Christine Caughey, an Action Hobson candidate for the Auckland City Council, said the level of advertising was unprecedented and demonstrated that the pro-road campaign feared defeat in this year's local body elections.
"A small group of powerful business interests know they do not have the community behind them," she said. "This is an attempt to influence community opinion with glossy advertisements but it will not work."
Christine Caughey said one amusing feature of today's advertising was the graphic of Hobson Bay with the planned one-lane-each-way 'motorway'.
"If the pro-road lobby really believes a one-lane-each-way road is going to do anything to solve Auckland's traffic woes, I fear for the standard of management in their businesses," she said.
As well as being unrepresentative of the community, Christine Caughey said the pro-road campaign was increasingly unrepresentative of big business.
"Attracting investment capital and world-class human resources to Auckland depends on this city being a great place to live with efficient public services and infrastructure," she said.
"Increasingly, businesspeople such as Kim Ellis of Waste Management, are recognising that building more motorways will achieve neither.

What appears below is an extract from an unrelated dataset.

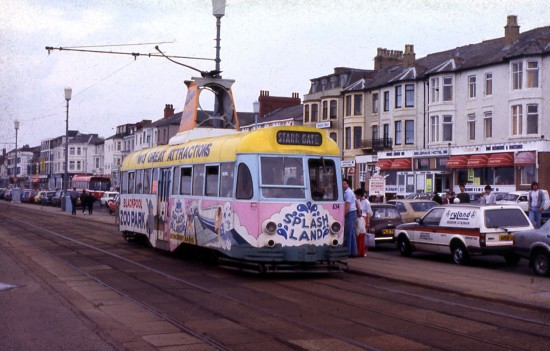 Today’s delve into the archives heads into the mid 1980s for another photo from Blackpool showing one of the many colourful all over adverts carried on the trams.

It would position Auckland as a business city alongside Bangkok or Cairo rather than Vancouver or Hong Kong, both of which have world-class public transport systems and are far better places to work and do business.
"Auckland needs Rapid Transit Solutions that preserve our environment and community, make it faster and easier to get around town, and which can be used by business - in association where necessary with trucking on roads that are no longer gridlocked.
"Building new motorways that will immediately become gridlocked is not good for our environment, is not good for our community and is not good for business."